TASK TO COMPLETE:
Leaving out all pictures, give again each line exactly, from the start of the listing through the line that contains "Die Jeansbluse 'Fibbo'".
(STORED DATA Opens)
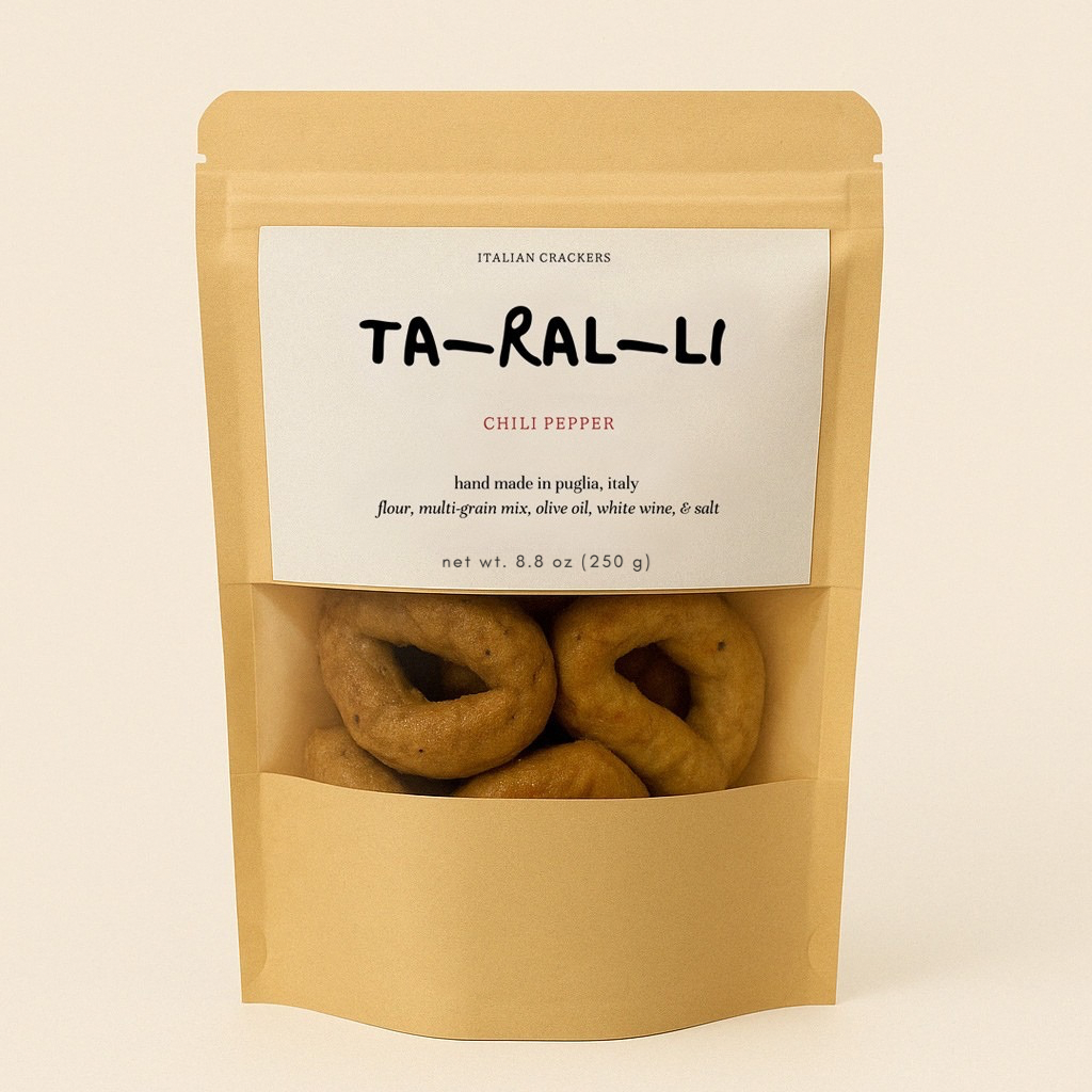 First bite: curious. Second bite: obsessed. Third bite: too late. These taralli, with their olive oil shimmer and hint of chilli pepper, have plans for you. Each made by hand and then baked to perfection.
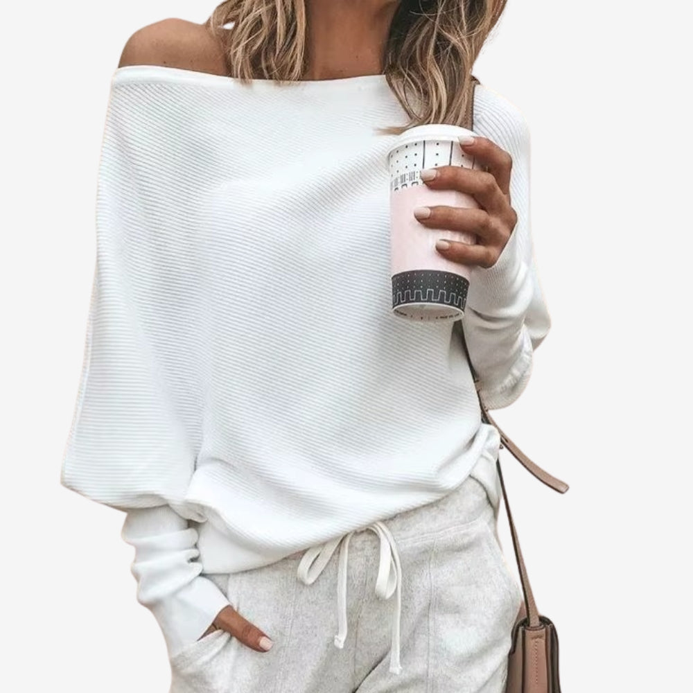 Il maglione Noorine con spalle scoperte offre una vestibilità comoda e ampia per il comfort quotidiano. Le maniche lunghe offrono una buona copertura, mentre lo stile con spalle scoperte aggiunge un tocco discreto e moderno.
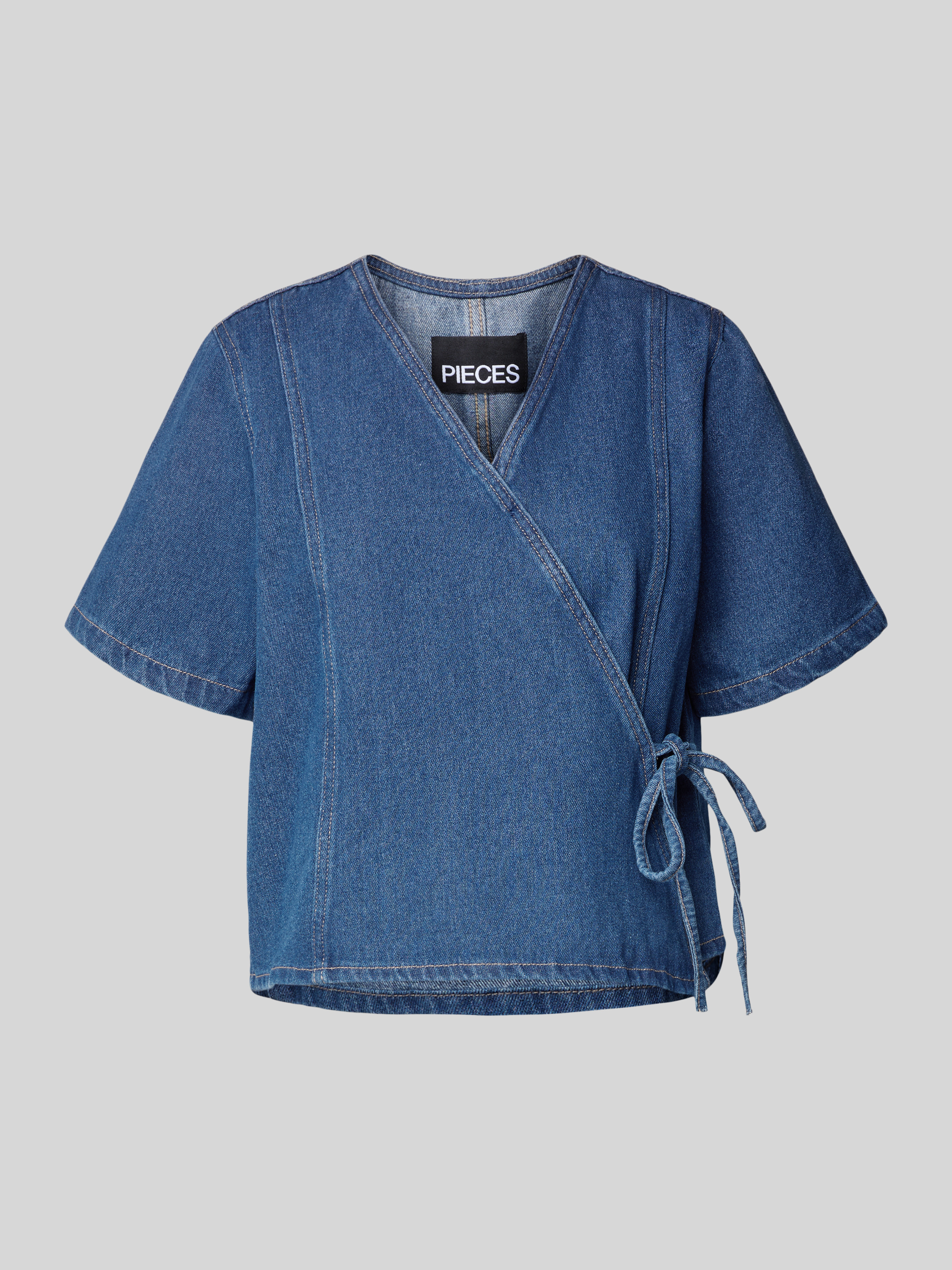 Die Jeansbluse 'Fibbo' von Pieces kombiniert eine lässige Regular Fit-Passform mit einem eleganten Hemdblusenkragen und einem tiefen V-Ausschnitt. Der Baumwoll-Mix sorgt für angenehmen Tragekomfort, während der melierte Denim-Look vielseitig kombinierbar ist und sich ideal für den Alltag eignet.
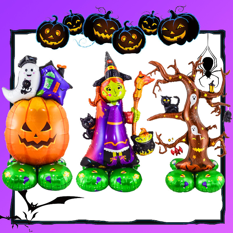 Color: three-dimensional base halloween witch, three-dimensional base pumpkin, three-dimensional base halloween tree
(STORED DATA Closes)
COMPLETED EXERCISE:
 First bite: curious. Second bite: obsessed. Third bite: too late. These taralli, with their olive oil shimmer and hint of chilli pepper, have plans for you. Each made by hand and then baked to perfection.
 Il maglione Noorine con spalle scoperte offre una vestibilità comoda e ampia per il comfort quotidiano. Le maniche lunghe offrono una buona copertura, mentre lo stile con spalle scoperte aggiunge un tocco discreto e moderno.
 Die Jeansbluse 'Fibbo' von Pieces kombiniert eine lässige Regular Fit-Passform mit einem eleganten Hemdblusenkragen und einem tiefen V-Ausschnitt. Der Baumwoll-Mix sorgt für angenehmen Tragekomfort, während der melierte Denim-Look vielseitig kombinierbar ist und sich ideal für den Alltag eignet.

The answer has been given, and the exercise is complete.